- **EXERCISE BRIEF**
Please give the entries again in full and exactly, without any picture.

[Opening DATA section]

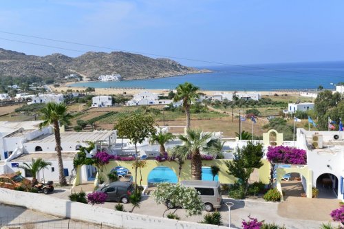 Hotel Marcos Beach je situovaný v pěší vzdálenosti (20 minut) od historického centra hlavního města ostrova Ios. Do Chory se dostanete rovněž autobusem, který má zastávku asi 250 m od hotelu. Hotel leží stranou hlavní silnice na vyvýšině nad nejkrásnější pláží ostrova Mylopotas. Od více jak 1 km dlouhé písečné pláže s pozvolným vstupem do vody je vzdálen necelých 200 m. Cesta na pláž vede kolem řady obchůdků, taveren, malých barů a kaváren. Jde o rodinný hotel stranou ruchu letoviska, který má nezaměnitelný půvab. Je položen ve vzrostlé zeleni se scenérií hor v pozadí. Doporučujeme výlet loďkou na snad nejkrásnější pláž Manganari na jihu nebo do zátoky Psathi na východě. Do hlavního města Iosu je to asi 900 m, přístav je vzdálen 3 km. Nejbližší letiště je na ostrově Santorini, kam cesta lodí trvá cca 40 minut.
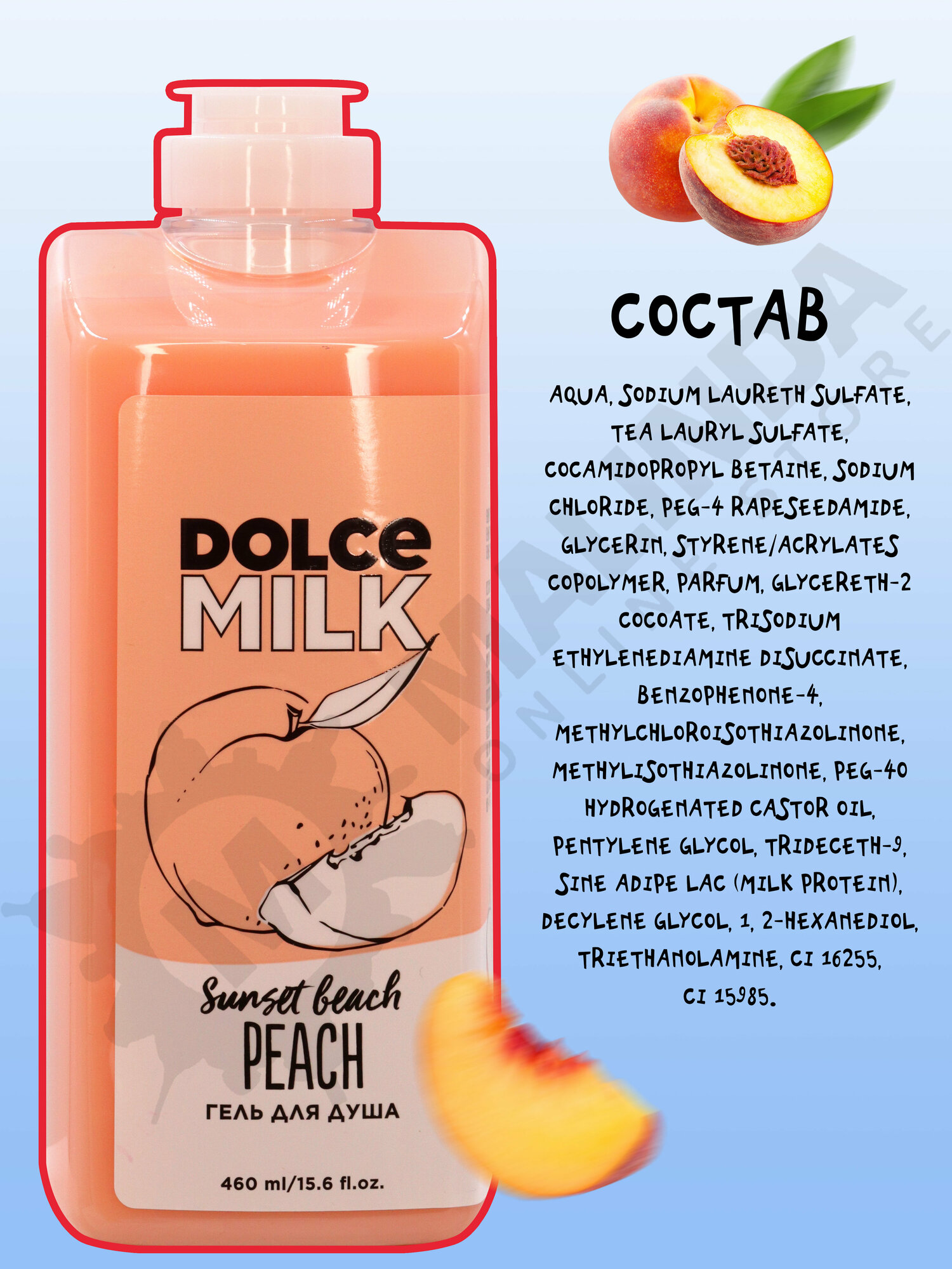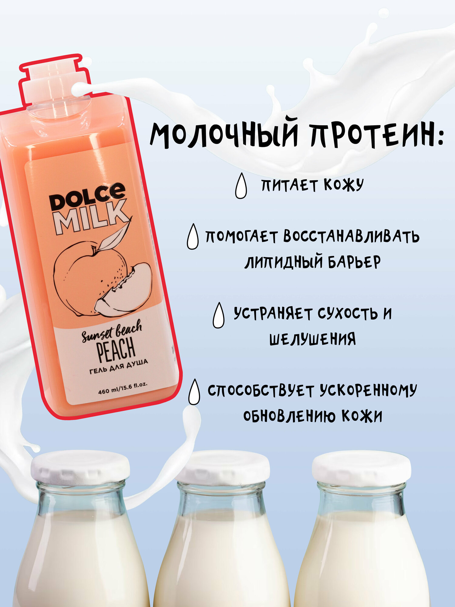 DOLCE MILK - дольче милк Гель для душа Персик на пляже. Увлажняющий гель - косметика Лэтуаль 460 мл
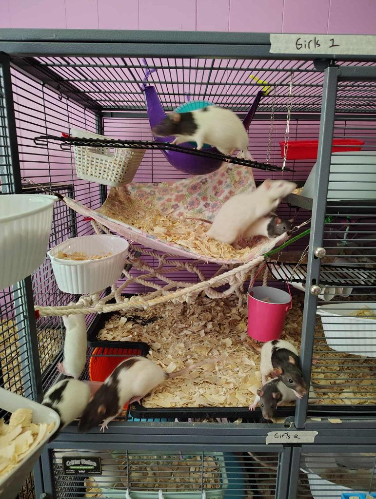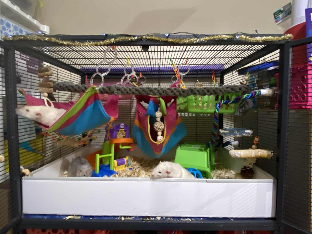 Climbing and Exploration: Multi-level cages: Rats enjoy climbing, so provide platforms, shelves, and ladders within their cage.
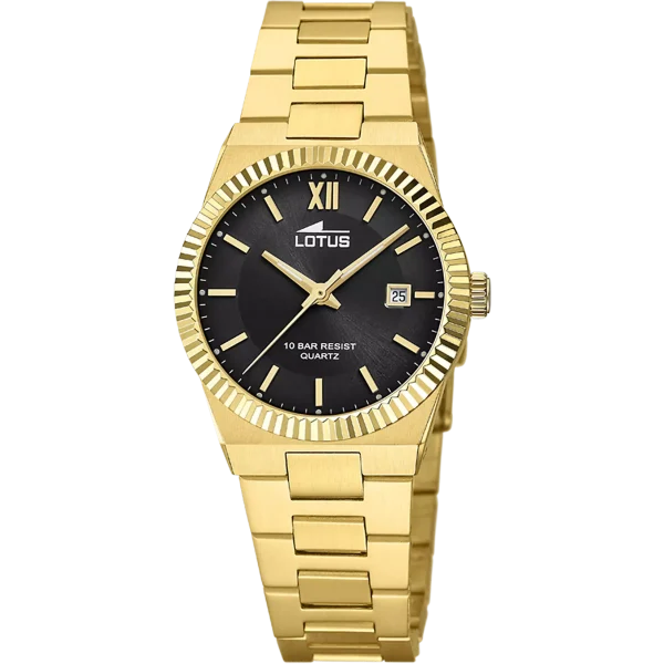 Lotus Freedom Black Dial Gold Stainless Steel Ladies Watch
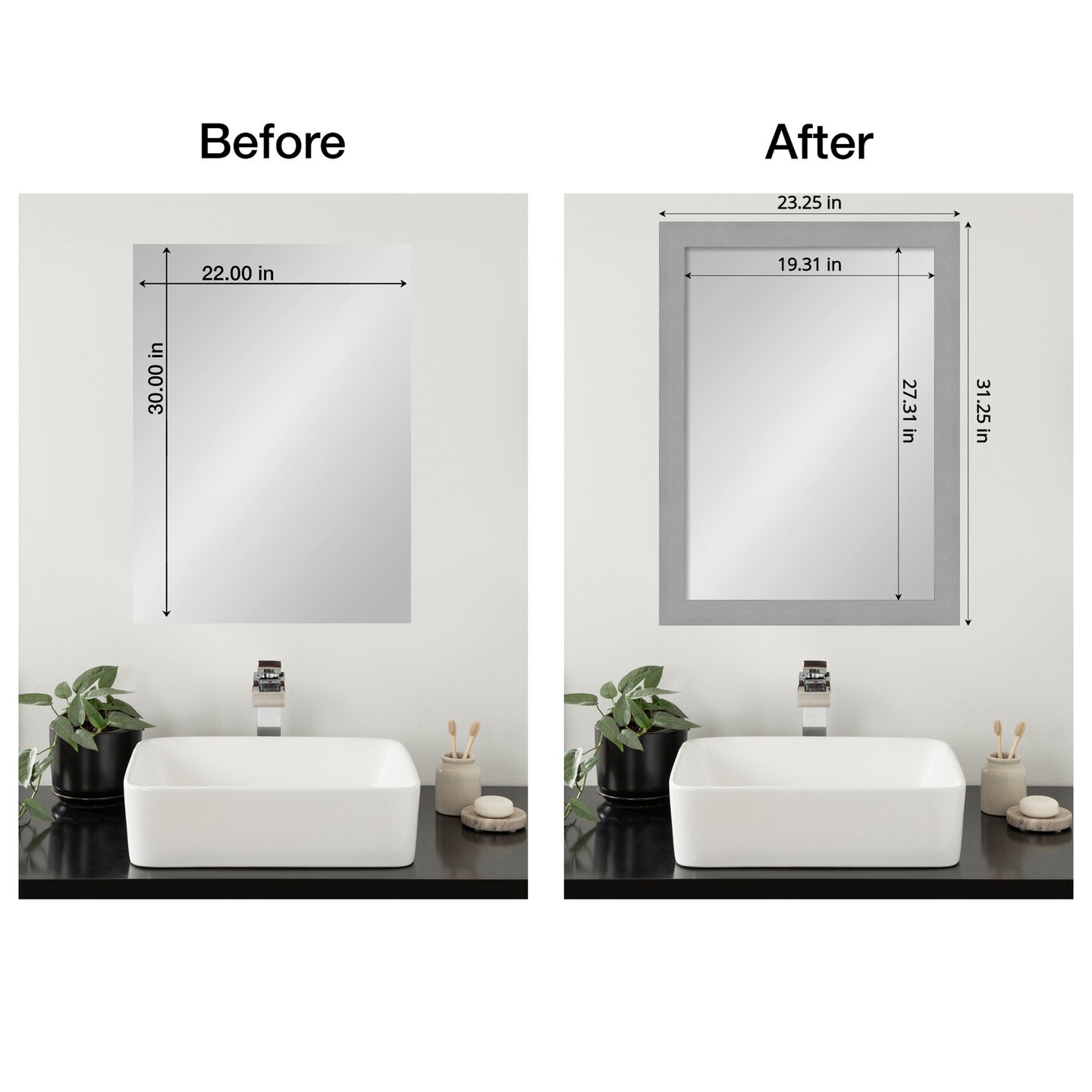 Amanti Art Mirror Makeover Bathroom Mirror Frame Border Kit - Fully Assembled Peel and Stick Frame - Mirror NOT Included - Brushed Black or Nickel Trim
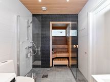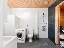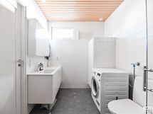 - Pesutilojen varusteet: WC-istuin, pesukoneliitäntä, peilikaappi, allaskaappi, lattialämmitys, suihku, suihkuseinä ja bidee-suihku. Pesutilojen kuvaus: Siistikuntoinen ja kaunis kylpyhuone.
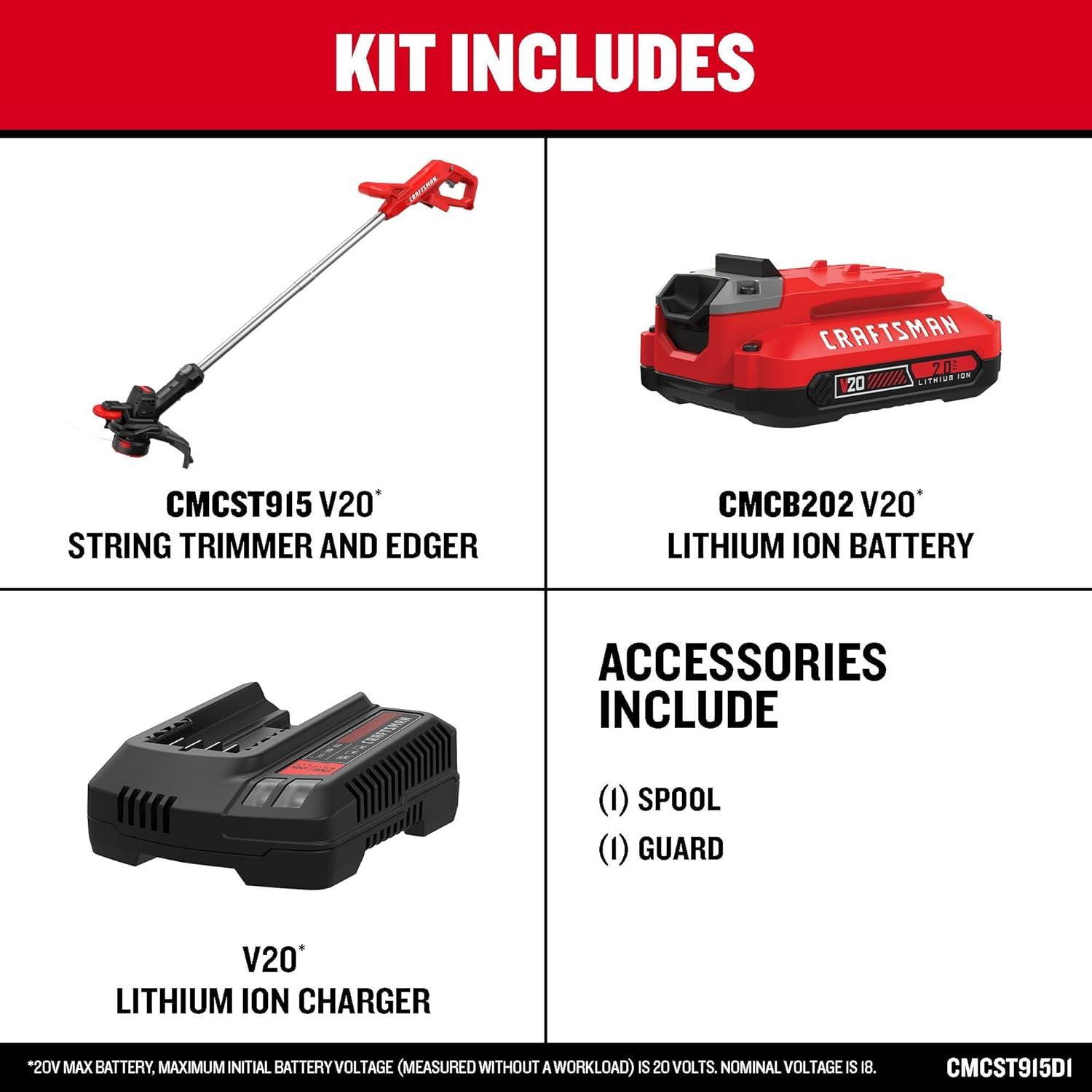 CRAFTSMAN V20 Cordless 10 in. WEEDWACKER String Trimmer and Edger Kit with 2.0 Ah Battery and Charger (CMCST915D1)
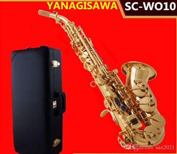 высокое качество Янагисава SC-W010 Малый Изогнутые Сопрано саксофон Электрофорез Золотой саксофон B Flat инструменты, включая аксессуары Case Free Ship
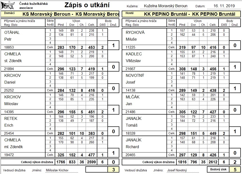 KS Moravský Beroun A - KK Pepino Bruntál 3:5
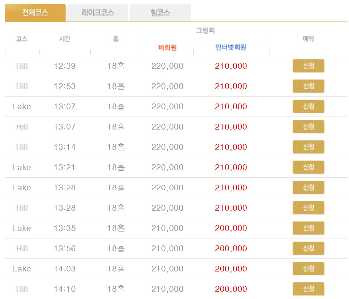 그린피 이용요금 같은 경우에는 과거만큼 메리트 있는 가격대는 아니지만 수도권 골프장에 비하면 나름 저렴한 편입니다. 요금은 비회원 기준 평일은 약 16만 원대이고 주말은 약 21만 원대입니다. 예약 날짜 및 시간에 따라 그린피 요금이 변동될 수 있습니다.

[Closing DATA section]

- **EXPECTED ANSWER**
 Hotel Marcos Beach je situovaný v pěší vzdálenosti (20 minut) od historického centra hlavního města ostrova Ios. Do Chory se dostanete rovněž autobusem, který má zastávku asi 250 m od hotelu. Hotel leží stranou hlavní silnice na vyvýšině nad nejkrásnější pláží ostrova Mylopotas. Od více jak 1 km dlouhé písečné pláže s pozvolným vstupem do vody je vzdálen necelých 200 m. Cesta na pláž vede kolem řady obchůdků, taveren, malých barů a kaváren. Jde o rodinný hotel stranou ruchu letoviska, který má nezaměnitelný půvab. Je položen ve vzrostlé zeleni se scenérií hor v pozadí. Doporučujeme výlet loďkou na snad nejkrásnější pláž Manganari na jihu nebo do zátoky Psathi na východě. Do hlavního města Iosu je to asi 900 m, přístav je vzdálen 3 km. Nejbližší letiště je na ostrově Santorini, kam cesta lodí trvá cca 40 minut.
 DOLCE MILK - дольче милк Гель для душа Персик на пляже. Увлажняющий гель - косметика Лэтуаль 460 мл
 Climbing and Exploration: Multi-level cages: Rats enjoy climbing, so provide platforms, shelves, and ladders within their cage.
 Lotus Freedom Black Dial Gold Stainless Steel Ladies Watch
 Amanti Art Mirror Makeover Bathroom Mirror Frame Border Kit - Fully Assembled Peel and Stick Frame - Mirror NOT Included - Brushed Black or Nickel Trim
 - Pesutilojen varusteet: WC-istuin, pesukoneliitäntä, peilikaappi, allaskaappi, lattialämmitys, suihku, suihkuseinä ja bidee-suihku. Pesutilojen kuvaus: Siistikuntoinen ja kaunis kylpyhuone.
 CRAFTSMAN V20 Cordless 10 in. WEEDWACKER String Trimmer and Edger Kit with 2.0 Ah Battery and Charger (CMCST915D1)
 высокое качество Янагисава SC-W010 Малый Изогнутые Сопрано саксофон Электрофорез Золотой саксофон B Flat инструменты, включая аксессуары Case Free Ship
 KS Moravský Beroun A - KK Pepino Bruntál 3:5
 그린피 이용요금 같은 경우에는 과거만큼 메리트 있는 가격대는 아니지만 수도권 골프장에 비하면 나름 저렴한 편입니다. 요금은 비회원 기준 평일은 약 16만 원대이고 주말은 약 21만 원대입니다. 예약 날짜 및 시간에 따라 그린피 요금이 변동될 수 있습니다.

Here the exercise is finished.